WHAT THE EXERCISE ASKS: Where the line with "广亚铝模荣获中国模板脚手架行业绿色产品证书" appears below, start writing out lines exactly, and finish with the line with "- High-Rise |", which is included; write out nothing else.

-------- EXERCISE DATA

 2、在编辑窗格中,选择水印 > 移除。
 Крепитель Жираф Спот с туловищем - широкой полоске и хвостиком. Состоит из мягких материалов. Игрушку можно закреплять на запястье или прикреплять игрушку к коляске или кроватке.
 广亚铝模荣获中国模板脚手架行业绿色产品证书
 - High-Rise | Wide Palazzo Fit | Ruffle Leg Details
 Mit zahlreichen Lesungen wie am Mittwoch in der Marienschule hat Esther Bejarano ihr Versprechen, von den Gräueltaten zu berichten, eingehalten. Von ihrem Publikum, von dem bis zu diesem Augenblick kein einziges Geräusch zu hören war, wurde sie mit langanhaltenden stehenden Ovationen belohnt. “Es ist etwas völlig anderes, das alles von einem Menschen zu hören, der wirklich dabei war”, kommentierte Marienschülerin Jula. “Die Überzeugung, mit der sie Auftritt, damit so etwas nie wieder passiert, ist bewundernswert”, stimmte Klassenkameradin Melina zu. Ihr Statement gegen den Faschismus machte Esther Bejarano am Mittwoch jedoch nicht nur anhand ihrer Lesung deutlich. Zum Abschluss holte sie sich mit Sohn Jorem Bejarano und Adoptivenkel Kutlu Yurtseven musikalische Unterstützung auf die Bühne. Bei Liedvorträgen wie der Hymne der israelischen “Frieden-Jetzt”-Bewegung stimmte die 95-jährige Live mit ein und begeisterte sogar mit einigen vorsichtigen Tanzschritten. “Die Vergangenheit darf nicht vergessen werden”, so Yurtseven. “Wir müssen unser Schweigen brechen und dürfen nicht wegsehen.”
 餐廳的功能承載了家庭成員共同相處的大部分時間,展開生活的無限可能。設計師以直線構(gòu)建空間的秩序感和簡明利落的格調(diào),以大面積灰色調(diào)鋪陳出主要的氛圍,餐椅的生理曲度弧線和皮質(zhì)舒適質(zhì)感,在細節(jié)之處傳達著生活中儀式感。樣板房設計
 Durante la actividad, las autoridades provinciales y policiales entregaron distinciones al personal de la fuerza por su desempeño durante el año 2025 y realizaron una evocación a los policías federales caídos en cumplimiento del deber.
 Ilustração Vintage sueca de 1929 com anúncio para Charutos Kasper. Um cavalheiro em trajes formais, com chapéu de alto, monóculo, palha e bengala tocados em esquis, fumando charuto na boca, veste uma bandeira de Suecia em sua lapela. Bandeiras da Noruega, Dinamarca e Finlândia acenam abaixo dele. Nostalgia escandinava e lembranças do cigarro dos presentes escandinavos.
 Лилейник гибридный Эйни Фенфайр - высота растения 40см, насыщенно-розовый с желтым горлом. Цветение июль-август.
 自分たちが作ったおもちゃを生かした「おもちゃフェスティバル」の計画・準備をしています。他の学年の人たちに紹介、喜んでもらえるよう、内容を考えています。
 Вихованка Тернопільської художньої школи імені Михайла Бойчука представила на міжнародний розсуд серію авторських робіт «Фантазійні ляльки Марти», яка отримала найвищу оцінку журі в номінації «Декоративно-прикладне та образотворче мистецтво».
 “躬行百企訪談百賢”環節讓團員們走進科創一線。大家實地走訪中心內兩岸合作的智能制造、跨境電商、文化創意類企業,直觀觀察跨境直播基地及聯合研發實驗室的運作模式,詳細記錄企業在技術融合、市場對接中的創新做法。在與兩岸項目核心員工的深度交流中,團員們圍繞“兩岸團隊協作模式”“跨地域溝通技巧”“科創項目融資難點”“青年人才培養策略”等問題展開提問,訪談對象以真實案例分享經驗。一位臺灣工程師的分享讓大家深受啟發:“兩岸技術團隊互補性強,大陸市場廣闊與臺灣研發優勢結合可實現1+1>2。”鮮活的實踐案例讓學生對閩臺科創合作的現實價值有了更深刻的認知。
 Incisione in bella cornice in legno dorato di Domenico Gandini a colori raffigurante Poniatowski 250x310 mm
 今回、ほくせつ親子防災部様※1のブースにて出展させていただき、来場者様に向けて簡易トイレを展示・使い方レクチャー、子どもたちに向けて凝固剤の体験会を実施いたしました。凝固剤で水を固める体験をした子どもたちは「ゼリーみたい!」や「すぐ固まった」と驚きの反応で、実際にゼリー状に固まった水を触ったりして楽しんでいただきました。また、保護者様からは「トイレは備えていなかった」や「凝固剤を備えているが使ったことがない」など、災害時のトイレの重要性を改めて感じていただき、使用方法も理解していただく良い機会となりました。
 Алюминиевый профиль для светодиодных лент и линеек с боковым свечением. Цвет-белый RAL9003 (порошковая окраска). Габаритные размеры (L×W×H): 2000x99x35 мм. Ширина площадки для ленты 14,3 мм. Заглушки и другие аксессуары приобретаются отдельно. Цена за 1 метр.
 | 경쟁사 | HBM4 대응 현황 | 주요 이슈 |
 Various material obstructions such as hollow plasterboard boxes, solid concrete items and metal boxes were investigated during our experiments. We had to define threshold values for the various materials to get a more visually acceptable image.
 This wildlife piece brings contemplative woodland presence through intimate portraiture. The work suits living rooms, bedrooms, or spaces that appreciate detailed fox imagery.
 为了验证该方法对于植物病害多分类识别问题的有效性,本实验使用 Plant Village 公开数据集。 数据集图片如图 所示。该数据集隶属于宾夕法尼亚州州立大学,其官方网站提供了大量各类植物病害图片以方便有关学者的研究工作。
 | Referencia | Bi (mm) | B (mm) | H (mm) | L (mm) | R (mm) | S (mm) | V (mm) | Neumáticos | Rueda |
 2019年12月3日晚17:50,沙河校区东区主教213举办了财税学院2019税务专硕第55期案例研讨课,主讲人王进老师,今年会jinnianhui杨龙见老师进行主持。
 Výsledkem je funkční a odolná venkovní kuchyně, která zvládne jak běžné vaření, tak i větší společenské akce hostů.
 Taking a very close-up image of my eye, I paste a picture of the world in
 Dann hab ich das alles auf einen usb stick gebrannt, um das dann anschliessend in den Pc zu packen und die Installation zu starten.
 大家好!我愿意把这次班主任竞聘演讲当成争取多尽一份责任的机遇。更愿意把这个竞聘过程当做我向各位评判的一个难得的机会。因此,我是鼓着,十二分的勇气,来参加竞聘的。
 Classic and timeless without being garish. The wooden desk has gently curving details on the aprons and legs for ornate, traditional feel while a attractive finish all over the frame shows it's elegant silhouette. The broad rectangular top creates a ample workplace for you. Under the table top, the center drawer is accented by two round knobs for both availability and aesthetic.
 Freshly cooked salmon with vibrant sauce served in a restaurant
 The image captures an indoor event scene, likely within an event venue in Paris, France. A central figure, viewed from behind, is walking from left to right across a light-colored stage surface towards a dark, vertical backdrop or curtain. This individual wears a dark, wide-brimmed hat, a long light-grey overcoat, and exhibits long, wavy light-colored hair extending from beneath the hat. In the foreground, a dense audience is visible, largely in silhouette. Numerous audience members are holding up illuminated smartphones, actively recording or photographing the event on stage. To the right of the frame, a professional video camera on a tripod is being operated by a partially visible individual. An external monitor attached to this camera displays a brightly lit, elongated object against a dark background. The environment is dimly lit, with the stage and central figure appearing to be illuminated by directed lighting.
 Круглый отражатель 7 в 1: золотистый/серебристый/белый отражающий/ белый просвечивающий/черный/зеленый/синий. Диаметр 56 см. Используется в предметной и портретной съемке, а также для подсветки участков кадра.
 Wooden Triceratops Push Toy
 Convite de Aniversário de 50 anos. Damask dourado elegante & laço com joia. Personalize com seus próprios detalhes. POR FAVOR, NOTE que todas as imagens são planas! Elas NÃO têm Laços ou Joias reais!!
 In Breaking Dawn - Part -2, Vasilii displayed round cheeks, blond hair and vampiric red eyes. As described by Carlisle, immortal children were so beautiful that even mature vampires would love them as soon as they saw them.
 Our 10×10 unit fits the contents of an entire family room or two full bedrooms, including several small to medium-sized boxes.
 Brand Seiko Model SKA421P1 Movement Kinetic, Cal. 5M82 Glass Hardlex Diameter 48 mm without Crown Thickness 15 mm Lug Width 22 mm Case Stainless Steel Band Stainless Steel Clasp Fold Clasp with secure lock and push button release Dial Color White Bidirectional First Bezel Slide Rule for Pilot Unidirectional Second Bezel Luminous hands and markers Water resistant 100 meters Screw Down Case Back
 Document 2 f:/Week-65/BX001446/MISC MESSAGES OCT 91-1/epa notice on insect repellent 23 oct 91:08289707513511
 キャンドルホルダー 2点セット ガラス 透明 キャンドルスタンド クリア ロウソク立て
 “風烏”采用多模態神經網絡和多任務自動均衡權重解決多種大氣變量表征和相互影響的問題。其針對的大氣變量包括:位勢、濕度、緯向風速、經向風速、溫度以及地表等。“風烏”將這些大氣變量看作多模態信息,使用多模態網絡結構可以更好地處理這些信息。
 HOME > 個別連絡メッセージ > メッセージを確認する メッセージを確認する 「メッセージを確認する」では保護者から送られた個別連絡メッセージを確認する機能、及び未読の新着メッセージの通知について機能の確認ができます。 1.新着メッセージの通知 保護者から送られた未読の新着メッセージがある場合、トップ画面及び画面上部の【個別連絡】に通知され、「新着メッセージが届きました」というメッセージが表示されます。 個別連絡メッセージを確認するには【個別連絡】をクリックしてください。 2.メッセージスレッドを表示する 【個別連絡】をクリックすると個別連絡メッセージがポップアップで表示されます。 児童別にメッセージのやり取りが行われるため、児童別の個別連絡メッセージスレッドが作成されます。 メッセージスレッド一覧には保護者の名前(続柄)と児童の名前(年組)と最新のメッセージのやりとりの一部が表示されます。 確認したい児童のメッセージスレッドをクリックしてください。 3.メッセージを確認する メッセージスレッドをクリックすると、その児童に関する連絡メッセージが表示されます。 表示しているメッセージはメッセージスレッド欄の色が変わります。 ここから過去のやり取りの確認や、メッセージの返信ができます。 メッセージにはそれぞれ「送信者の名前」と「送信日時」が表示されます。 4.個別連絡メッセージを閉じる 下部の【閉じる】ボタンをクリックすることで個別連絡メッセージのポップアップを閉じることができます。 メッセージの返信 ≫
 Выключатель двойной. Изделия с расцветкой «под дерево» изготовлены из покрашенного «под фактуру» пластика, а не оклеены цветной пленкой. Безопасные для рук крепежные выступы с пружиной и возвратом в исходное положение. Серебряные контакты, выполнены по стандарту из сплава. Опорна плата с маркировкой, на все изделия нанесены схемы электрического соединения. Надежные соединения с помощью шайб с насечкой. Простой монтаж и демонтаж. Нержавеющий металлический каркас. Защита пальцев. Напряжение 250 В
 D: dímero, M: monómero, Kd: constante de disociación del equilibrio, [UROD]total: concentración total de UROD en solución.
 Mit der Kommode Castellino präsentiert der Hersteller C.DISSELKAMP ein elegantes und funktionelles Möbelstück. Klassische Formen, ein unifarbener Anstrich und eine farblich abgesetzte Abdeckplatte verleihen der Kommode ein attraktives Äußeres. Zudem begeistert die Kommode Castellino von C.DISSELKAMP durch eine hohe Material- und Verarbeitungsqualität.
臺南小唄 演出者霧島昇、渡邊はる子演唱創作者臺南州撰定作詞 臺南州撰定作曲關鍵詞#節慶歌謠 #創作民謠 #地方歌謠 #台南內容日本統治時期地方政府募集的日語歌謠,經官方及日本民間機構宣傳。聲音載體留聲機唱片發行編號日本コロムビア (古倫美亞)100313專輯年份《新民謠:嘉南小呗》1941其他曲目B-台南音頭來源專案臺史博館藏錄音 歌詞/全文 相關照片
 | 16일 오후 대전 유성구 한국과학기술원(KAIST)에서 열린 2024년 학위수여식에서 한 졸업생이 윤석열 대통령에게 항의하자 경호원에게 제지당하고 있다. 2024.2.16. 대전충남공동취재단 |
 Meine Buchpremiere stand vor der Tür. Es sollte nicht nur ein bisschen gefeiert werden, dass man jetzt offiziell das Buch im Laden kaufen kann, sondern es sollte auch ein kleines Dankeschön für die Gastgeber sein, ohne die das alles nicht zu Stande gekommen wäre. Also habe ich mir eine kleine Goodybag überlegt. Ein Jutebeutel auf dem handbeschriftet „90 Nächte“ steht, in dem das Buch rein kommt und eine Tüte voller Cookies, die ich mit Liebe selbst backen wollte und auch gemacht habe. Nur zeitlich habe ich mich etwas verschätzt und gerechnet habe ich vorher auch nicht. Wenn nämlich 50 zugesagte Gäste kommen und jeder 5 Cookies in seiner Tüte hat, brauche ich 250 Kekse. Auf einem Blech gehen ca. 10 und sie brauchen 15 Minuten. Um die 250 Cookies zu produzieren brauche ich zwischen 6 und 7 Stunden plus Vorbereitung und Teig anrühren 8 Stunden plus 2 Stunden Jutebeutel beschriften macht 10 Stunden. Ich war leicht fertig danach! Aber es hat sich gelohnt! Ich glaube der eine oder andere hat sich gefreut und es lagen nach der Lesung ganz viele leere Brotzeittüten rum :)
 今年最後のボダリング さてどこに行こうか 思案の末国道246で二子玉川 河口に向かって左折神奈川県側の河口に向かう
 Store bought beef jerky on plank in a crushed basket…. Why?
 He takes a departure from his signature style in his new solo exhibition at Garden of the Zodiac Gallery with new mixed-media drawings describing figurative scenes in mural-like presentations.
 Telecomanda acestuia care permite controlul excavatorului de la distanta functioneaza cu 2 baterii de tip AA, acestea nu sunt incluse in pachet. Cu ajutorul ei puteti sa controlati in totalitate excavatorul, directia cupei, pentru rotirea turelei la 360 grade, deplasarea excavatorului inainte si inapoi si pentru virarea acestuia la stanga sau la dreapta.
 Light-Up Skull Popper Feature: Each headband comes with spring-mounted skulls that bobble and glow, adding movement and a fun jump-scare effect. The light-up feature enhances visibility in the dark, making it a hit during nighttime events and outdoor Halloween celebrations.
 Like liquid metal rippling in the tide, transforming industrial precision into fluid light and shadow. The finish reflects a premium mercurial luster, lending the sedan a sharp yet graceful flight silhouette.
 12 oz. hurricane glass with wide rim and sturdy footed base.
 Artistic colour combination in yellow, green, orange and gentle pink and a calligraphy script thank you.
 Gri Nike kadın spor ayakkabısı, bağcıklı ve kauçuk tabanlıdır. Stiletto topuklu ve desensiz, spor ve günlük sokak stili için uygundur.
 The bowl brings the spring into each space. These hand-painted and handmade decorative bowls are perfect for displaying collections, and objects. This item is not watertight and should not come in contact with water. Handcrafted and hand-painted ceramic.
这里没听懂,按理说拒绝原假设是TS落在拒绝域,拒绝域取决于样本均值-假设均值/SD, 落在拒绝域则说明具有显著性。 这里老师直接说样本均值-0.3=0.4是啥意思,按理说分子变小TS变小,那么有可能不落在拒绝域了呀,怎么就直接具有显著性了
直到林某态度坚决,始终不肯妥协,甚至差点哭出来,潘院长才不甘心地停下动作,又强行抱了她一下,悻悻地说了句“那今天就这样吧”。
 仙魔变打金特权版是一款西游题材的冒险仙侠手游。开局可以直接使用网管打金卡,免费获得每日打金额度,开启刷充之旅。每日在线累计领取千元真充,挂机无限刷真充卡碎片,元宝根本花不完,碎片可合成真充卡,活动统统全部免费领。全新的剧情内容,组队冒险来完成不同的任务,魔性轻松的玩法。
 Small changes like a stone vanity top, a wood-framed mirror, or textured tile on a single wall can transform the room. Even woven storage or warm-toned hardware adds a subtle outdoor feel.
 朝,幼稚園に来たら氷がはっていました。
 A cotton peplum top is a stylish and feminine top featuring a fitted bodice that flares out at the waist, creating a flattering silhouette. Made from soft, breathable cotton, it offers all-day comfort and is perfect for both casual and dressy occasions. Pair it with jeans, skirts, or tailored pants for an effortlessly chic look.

----------------

EXERCISE ANSWER:
 广亚铝模荣获中国模板脚手架行业绿色产品证书
 - High-Rise | Wide Palazzo Fit | Ruffle Leg Details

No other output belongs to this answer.